**Your assignment:**
Please output the entries that follow exactly, without a single image.

[Stored data]
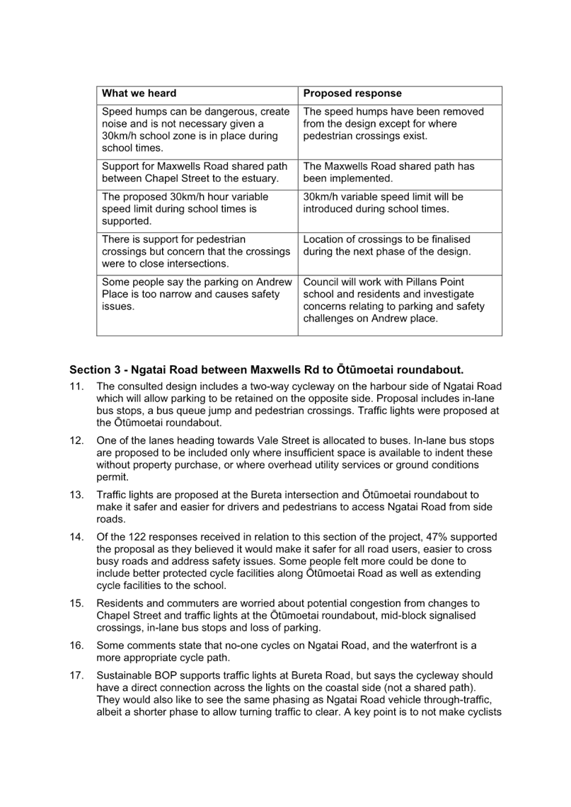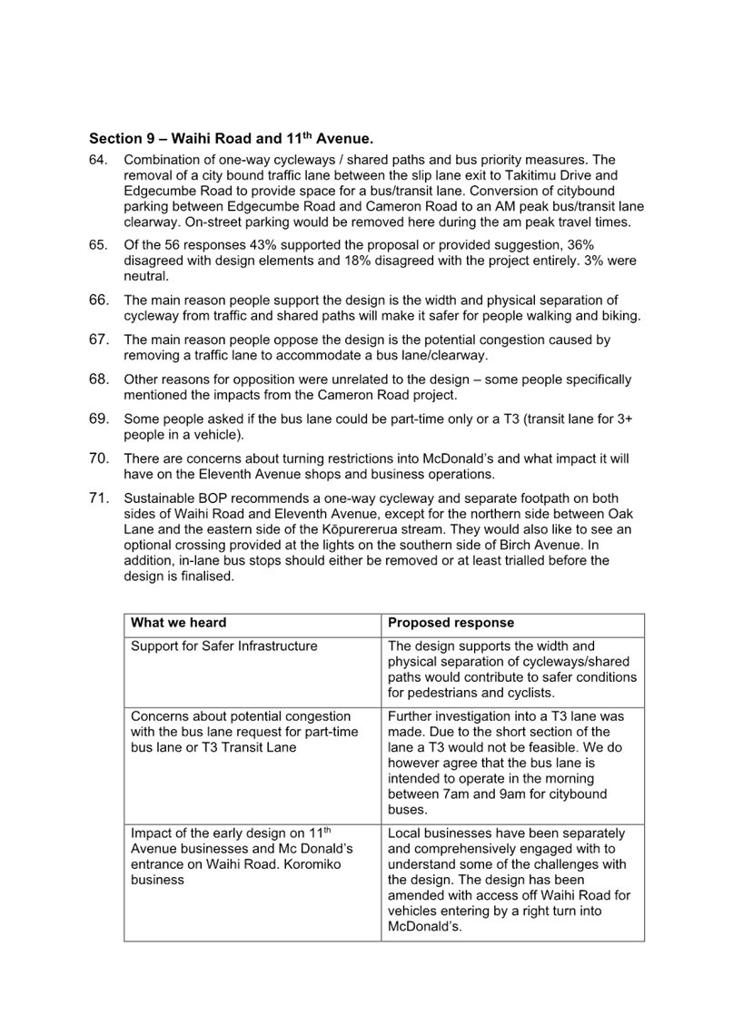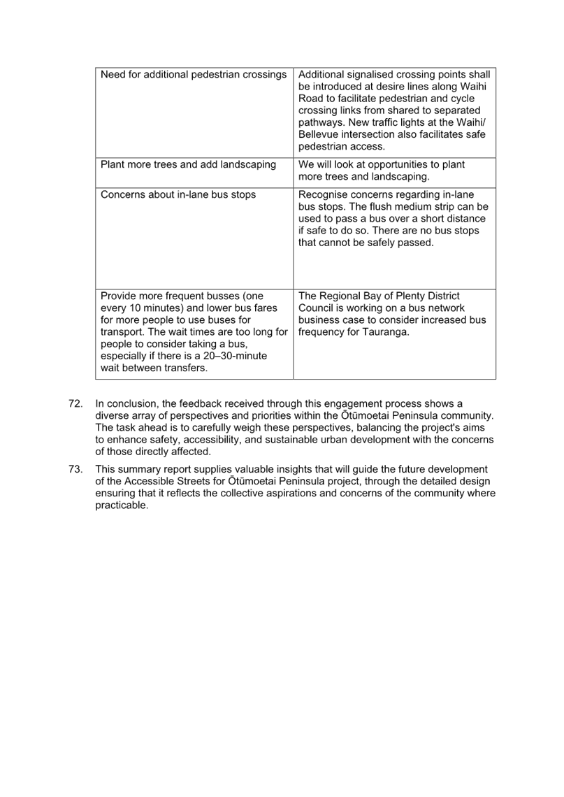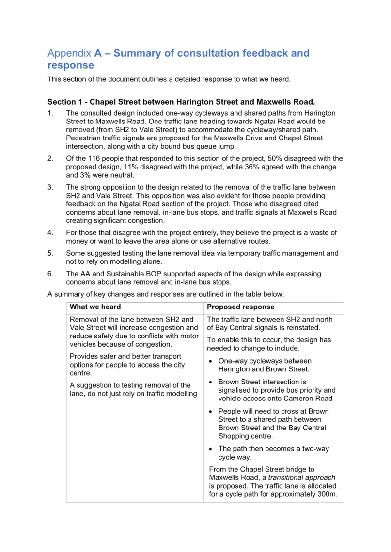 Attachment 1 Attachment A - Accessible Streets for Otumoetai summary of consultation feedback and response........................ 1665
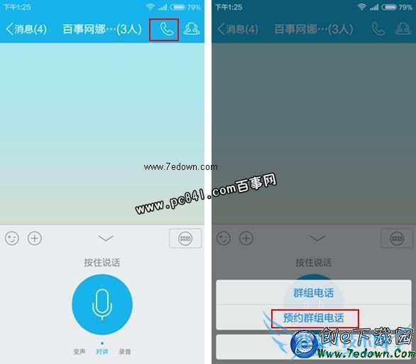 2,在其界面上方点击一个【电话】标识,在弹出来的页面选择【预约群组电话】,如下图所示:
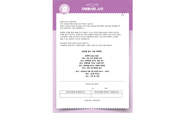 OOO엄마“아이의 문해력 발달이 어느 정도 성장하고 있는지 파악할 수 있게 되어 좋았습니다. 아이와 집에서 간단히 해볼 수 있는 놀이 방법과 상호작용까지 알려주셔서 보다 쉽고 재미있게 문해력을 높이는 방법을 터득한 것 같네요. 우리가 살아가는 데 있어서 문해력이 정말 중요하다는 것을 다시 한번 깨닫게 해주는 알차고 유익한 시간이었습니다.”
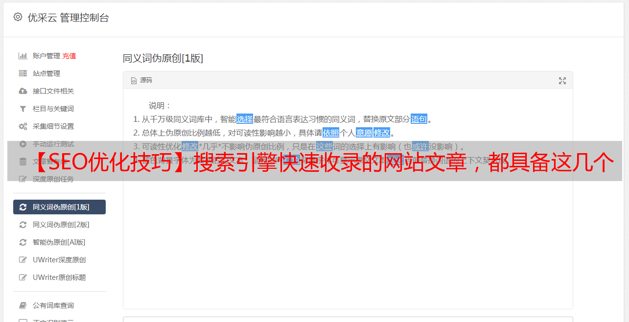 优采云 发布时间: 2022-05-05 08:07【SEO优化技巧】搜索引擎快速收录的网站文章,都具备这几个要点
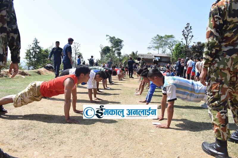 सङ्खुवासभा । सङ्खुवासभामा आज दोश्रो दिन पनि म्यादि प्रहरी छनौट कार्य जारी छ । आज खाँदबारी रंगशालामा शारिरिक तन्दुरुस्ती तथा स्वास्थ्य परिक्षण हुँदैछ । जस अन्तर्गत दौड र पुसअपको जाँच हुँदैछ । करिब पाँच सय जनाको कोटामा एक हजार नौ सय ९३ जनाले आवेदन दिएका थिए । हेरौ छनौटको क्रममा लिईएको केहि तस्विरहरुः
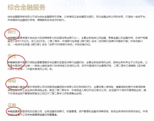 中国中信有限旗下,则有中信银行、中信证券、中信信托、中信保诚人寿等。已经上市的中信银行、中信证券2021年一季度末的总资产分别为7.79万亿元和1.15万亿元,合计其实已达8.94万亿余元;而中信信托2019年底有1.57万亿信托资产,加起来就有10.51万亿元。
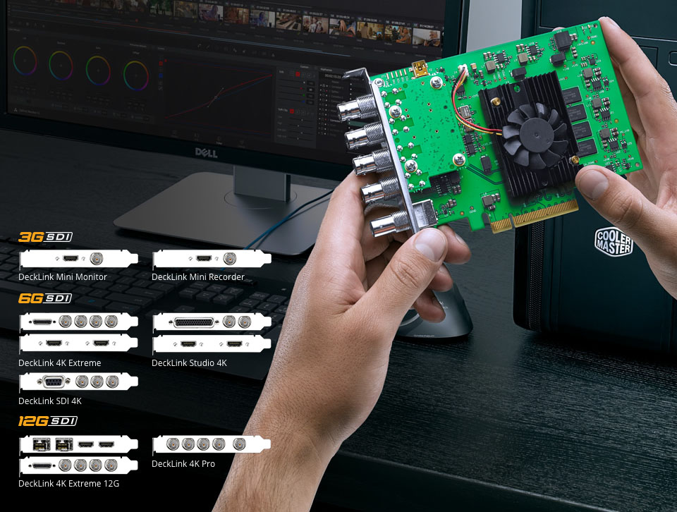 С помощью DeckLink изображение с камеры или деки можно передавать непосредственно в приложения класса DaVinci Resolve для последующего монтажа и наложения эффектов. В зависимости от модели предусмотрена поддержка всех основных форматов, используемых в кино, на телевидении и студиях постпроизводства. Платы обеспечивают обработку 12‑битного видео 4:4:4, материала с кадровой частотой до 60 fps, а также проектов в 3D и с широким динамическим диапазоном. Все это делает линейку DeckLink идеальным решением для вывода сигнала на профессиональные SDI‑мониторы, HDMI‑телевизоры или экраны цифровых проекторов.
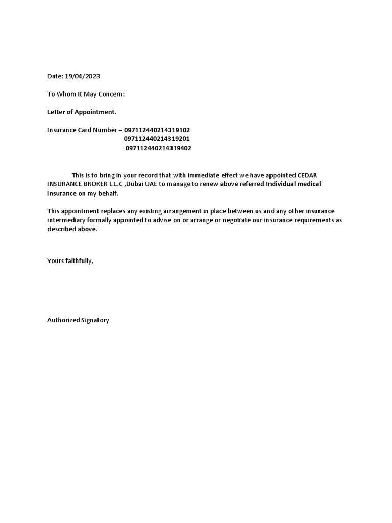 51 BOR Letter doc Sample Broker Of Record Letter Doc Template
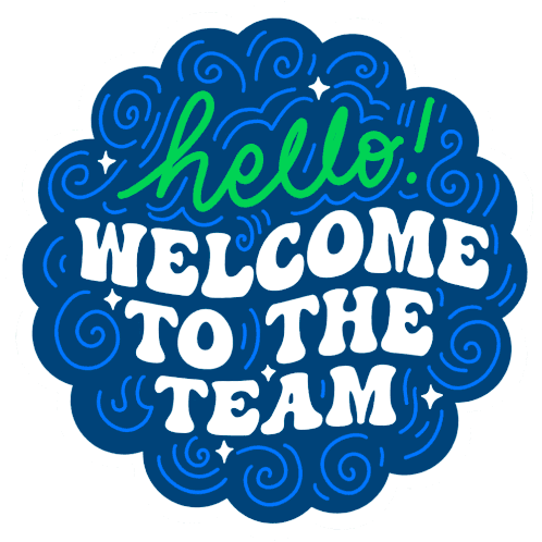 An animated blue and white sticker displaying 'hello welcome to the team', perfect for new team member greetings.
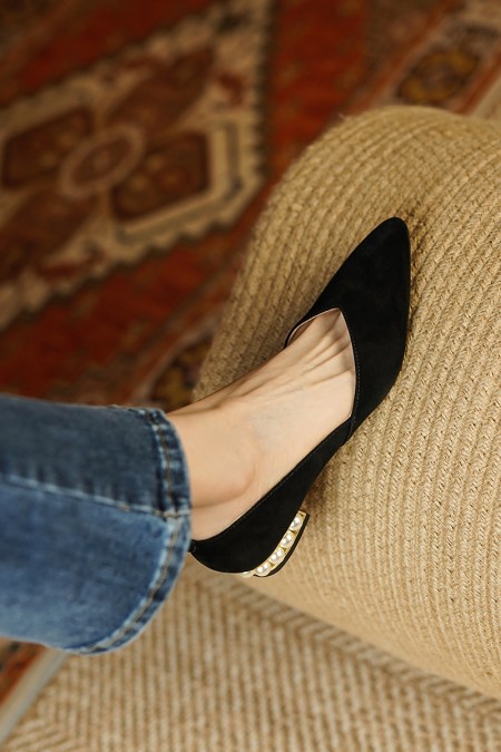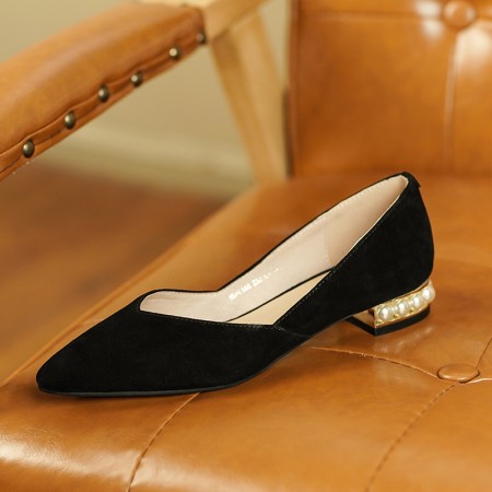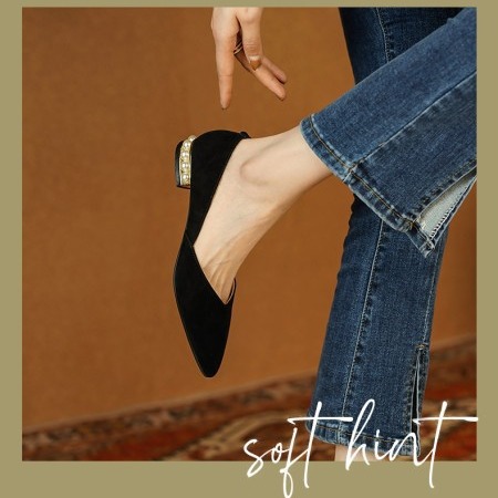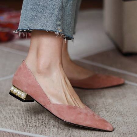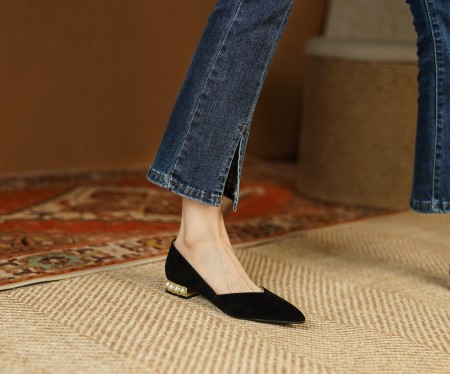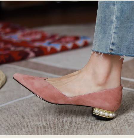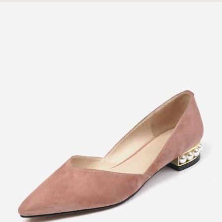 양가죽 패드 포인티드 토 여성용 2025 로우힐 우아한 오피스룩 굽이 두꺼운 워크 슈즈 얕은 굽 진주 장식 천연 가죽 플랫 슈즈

**Answer section:**
 Attachment 1 Attachment A - Accessible Streets for Otumoetai summary of consultation feedback and response........................ 1665
 2,在其界面上方点击一个【电话】标识,在弹出来的页面选择【预约群组电话】,如下图所示:
 OOO엄마“아이의 문해력 발달이 어느 정도 성장하고 있는지 파악할 수 있게 되어 좋았습니다. 아이와 집에서 간단히 해볼 수 있는 놀이 방법과 상호작용까지 알려주셔서 보다 쉽고 재미있게 문해력을 높이는 방법을 터득한 것 같네요. 우리가 살아가는 데 있어서 문해력이 정말 중요하다는 것을 다시 한번 깨닫게 해주는 알차고 유익한 시간이었습니다.”
 优采云 发布时间: 2022-05-05 08:07【SEO优化技巧】搜索引擎快速收录的网站文章,都具备这几个要点
 सङ्खुवासभा । सङ्खुवासभामा आज दोश्रो दिन पनि म्यादि प्रहरी छनौट कार्य जारी छ । आज खाँदबारी रंगशालामा शारिरिक तन्दुरुस्ती तथा स्वास्थ्य परिक्षण हुँदैछ । जस अन्तर्गत दौड र पुसअपको जाँच हुँदैछ । करिब पाँच सय जनाको कोटामा एक हजार नौ सय ९३ जनाले आवेदन दिएका थिए । हेरौ छनौटको क्रममा लिईएको केहि तस्विरहरुः
 中国中信有限旗下,则有中信银行、中信证券、中信信托、中信保诚人寿等。已经上市的中信银行、中信证券2021年一季度末的总资产分别为7.79万亿元和1.15万亿元,合计其实已达8.94万亿余元;而中信信托2019年底有1.57万亿信托资产,加起来就有10.51万亿元。
 С помощью DeckLink изображение с камеры или деки можно передавать непосредственно в приложения класса DaVinci Resolve для последующего монтажа и наложения эффектов. В зависимости от модели предусмотрена поддержка всех основных форматов, используемых в кино, на телевидении и студиях постпроизводства. Платы обеспечивают обработку 12‑битного видео 4:4:4, материала с кадровой частотой до 60 fps, а также проектов в 3D и с широким динамическим диапазоном. Все это делает линейку DeckLink идеальным решением для вывода сигнала на профессиональные SDI‑мониторы, HDMI‑телевизоры или экраны цифровых проекторов.
 51 BOR Letter doc Sample Broker Of Record Letter Doc Template
 An animated blue and white sticker displaying 'hello welcome to the team', perfect for new team member greetings.
 양가죽 패드 포인티드 토 여성용 2025 로우힐 우아한 오피스룩 굽이 두꺼운 워크 슈즈 얕은 굽 진주 장식 천연 가죽 플랫 슈즈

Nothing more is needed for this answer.